* _Your objective_: These records contain pictures, which must be left out; copy exactly the lines from the one with "que no existía." up to and including the one with "You can find".

* _Recorded information_:

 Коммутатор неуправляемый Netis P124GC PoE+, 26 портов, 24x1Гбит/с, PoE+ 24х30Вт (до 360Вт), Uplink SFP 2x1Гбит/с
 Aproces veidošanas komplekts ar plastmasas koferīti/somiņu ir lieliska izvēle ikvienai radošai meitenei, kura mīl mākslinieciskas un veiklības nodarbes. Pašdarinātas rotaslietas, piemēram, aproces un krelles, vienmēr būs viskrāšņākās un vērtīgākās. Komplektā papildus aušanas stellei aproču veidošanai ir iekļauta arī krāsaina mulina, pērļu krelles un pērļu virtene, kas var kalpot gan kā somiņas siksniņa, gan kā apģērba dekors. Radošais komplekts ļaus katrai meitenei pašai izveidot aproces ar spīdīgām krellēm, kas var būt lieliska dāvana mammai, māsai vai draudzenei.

--

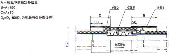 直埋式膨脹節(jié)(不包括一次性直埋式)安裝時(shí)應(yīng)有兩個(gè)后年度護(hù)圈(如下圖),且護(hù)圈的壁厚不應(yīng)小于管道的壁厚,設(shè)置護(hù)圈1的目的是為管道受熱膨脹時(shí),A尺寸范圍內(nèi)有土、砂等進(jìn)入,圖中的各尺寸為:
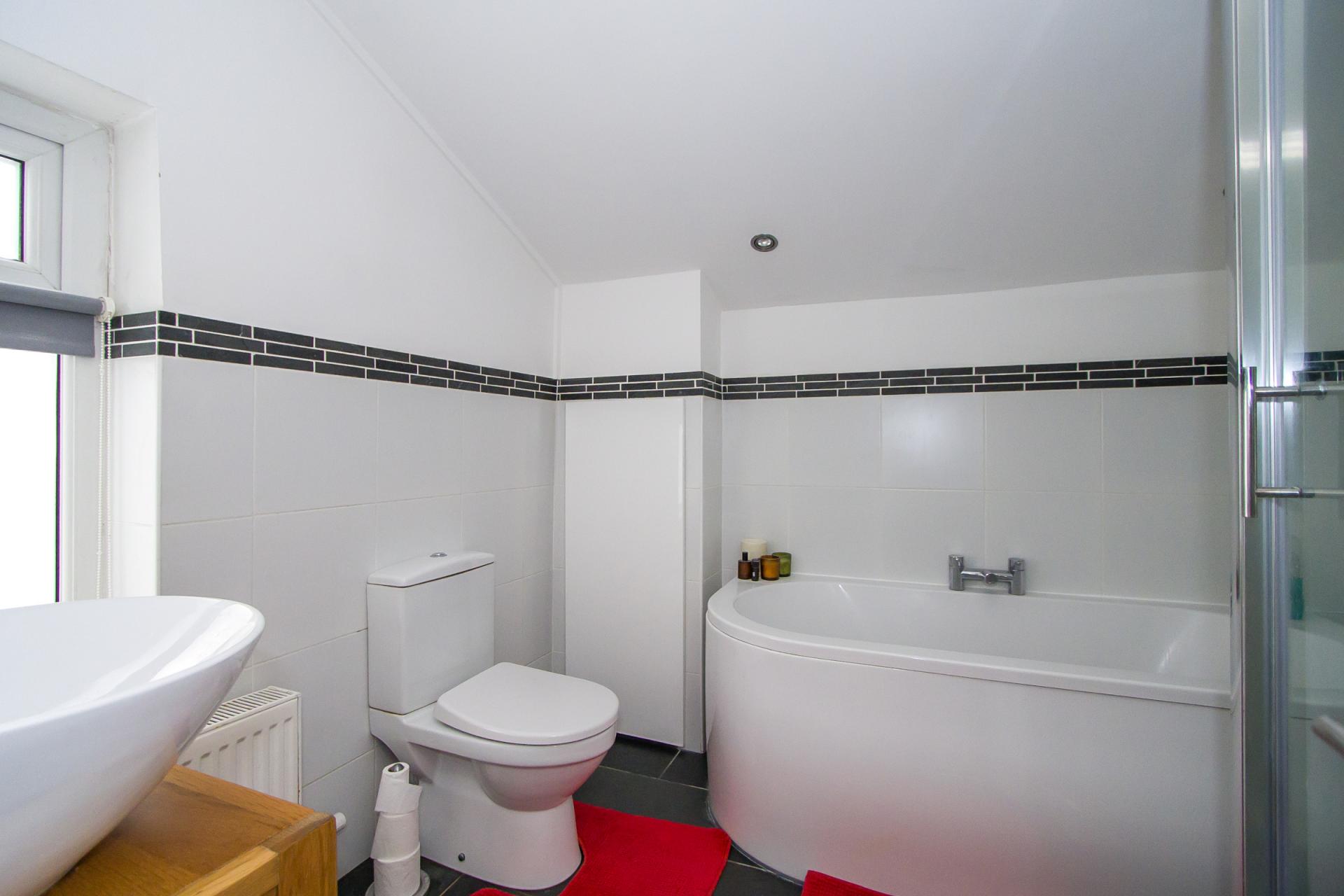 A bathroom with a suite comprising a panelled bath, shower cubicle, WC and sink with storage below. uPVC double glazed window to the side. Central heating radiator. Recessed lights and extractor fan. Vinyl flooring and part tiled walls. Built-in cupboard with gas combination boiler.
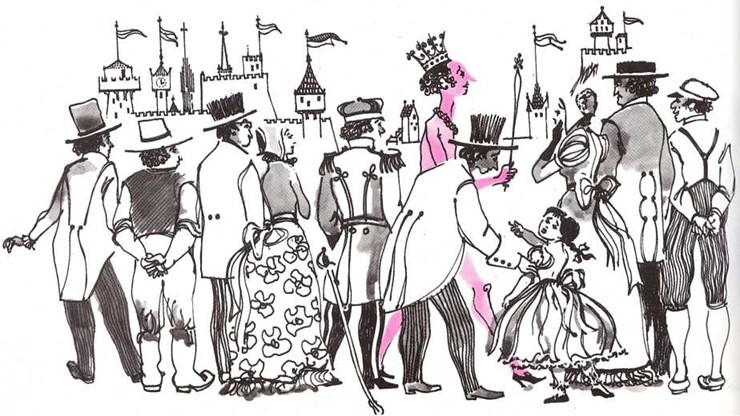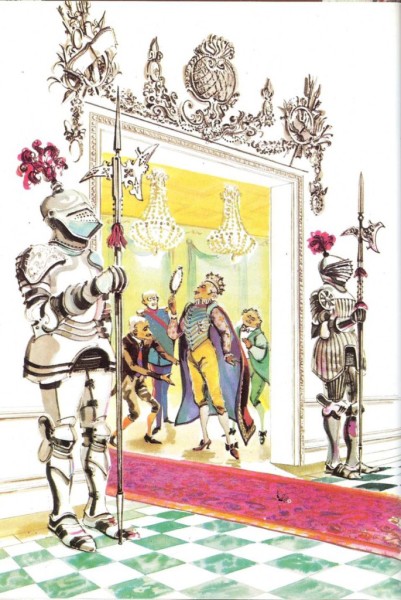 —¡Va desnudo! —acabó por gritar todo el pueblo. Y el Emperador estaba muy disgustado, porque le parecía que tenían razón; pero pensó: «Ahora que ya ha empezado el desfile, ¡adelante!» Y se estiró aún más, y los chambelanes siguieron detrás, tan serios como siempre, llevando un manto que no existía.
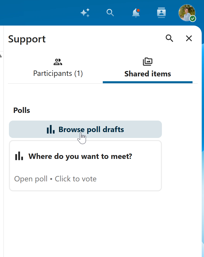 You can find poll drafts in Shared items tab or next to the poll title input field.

* _Expected answer_:
 —¡Va desnudo! —acabó por gritar todo el pueblo. Y el Emperador estaba muy disgustado, porque le parecía que tenían razón; pero pensó: «Ahora que ya ha empezado el desfile, ¡adelante!» Y se estiró aún más, y los chambelanes siguieron detrás, tan serios como siempre, llevando un manto que no existía.
 You can find poll drafts in Shared items tab or next to the poll title input field.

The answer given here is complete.